Intelligent solutions are often the result of negotiations, not of court decisions.
Court proceedings consume time, money, and energy. Your time, money, and energy. Statistically, most employment disputes end in a settlement. So, it is great to know how to manage a dispute in a way that avoids unnecessary escalation. Even once a hearing has been scheduled, there is usually still enough time to arrange a settlement. This does not mean settling at any cost. But also, we will not fight in court just for the sake of being right.
LAWYERS DO LITIGATE. WE DO TOO.
BUT ONLY IF, AND AS LONG AS, IT SERVES YOUR INTERESTS.

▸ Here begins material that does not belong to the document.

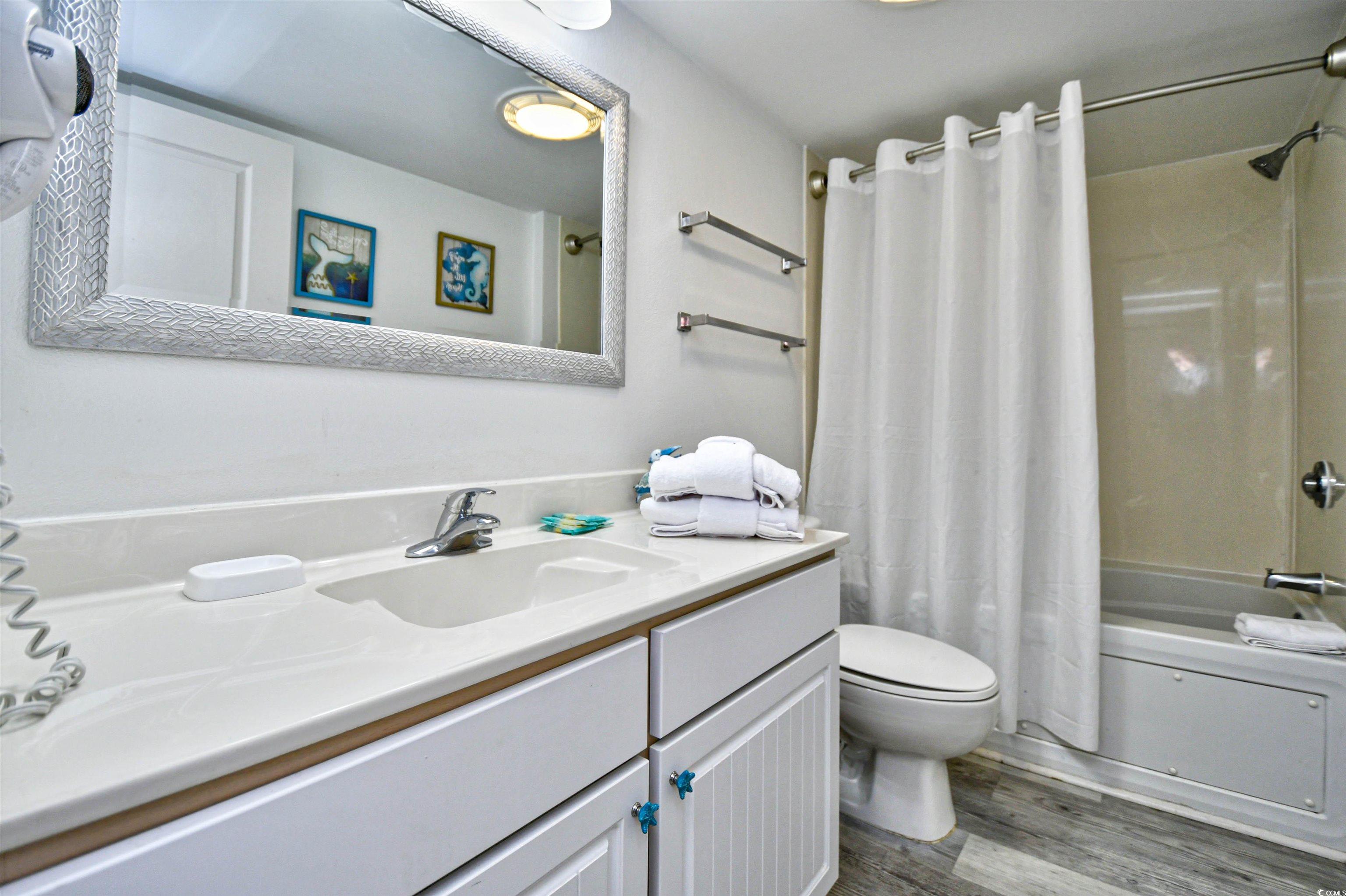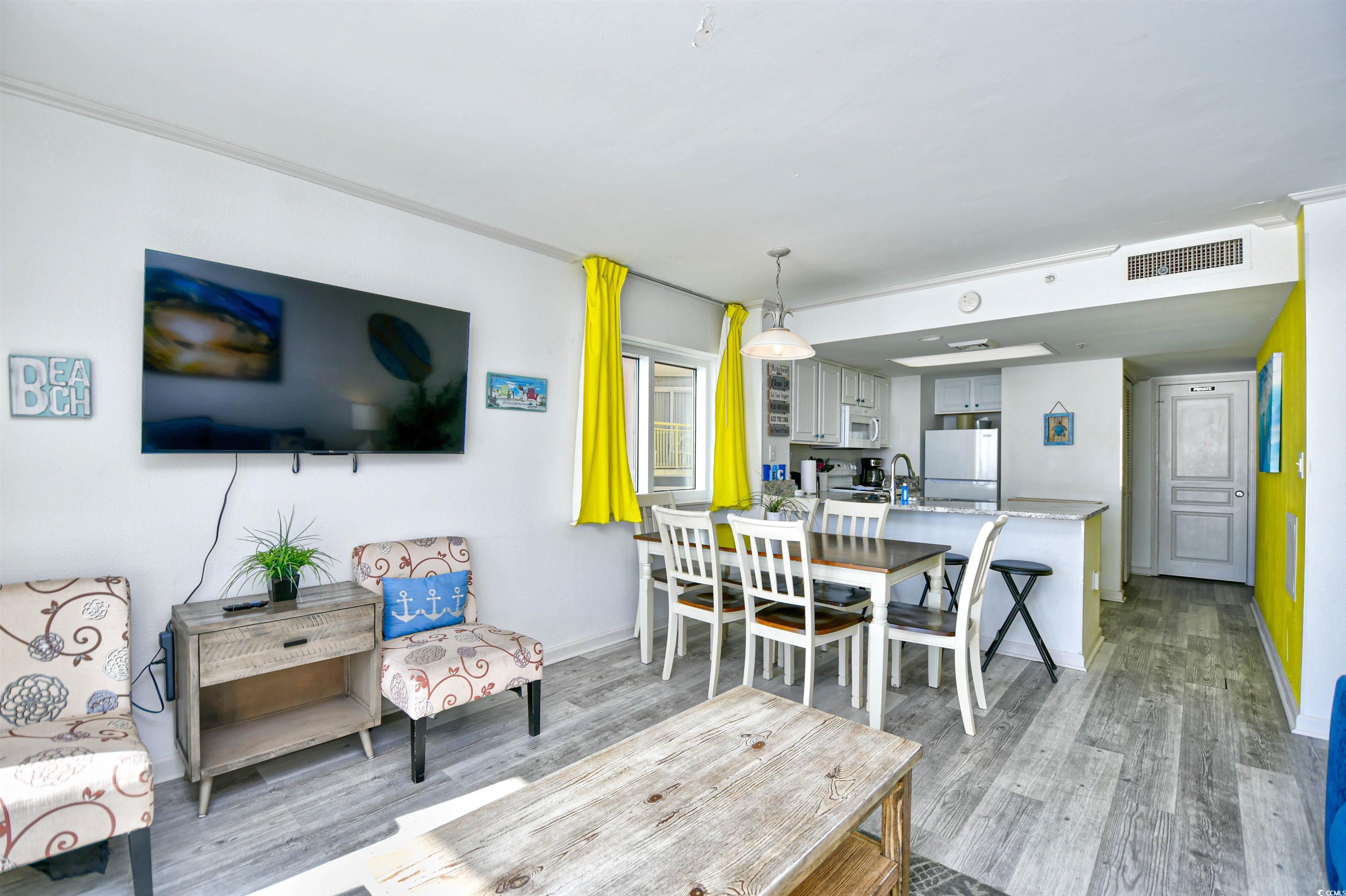 Enjoy breathtaking views and miles of beach from your very own balcony of this 15th floor end unit condo! This oceanfront condo has 2 bedrooms, 2 baths, and sleeps 10 so families can experience wonderful vacations together. A home away from home that comes fully- furnished and includes a full-equipped updated kitchen w/quartz countertops, LVP throughout, newer paint, newer coastal furnishings and washer/dryer. Amenities at Baywatch include lazy rivers, pools, Jacuzzis, restaurant, tiki bar, and fitness center all within the resort so pack your bags and experience oceanfront living. HOA includes all utilities, cable and internet. Bay Watch is a desired oceanfront resort in North Myrtle Beach, close to Barefoot landing and all that North Myrtle Beach has to offer!

We will of course litigate on your behalf when there is no other option. Our experience ranges from court representation in labour and civil courts of all instances, to collective bargaining and reconciliation board hearings in codetermination matters. Using our expertise, we help you avoid long and costly proceedings. One of our specialties in this regard is our effective process management. In the case of upcoming negotiations with unions and/or works councils, we provide you with a detailed schedule that defines each step and outlines necessary preparatory tasks. Thus, negotiations can run more smoothly, well-structured and tightly calculated.
IT TAKES TWO TO START A DISPUTE, MANY MORE TO REACH A SETTLEMENT
In your daily dealings with works councils and unions compromise, a settlement is not a dirty word, rather an essential skill for business success. All parties involved need to cooperate and meet with each other frequently in order to develop a common interest in the growth of the company. Our longstanding experience, even in difficult situations, helps to create an environment in which cooperation, and not litigation, characterize the work environment. Of course we represent the employer´s interests, but we know that without creativity, flexibility and trust, that no fruitful cooperation can be achieved. We have a reputation for being pragmatic and steadfast – even among our opponents and judges.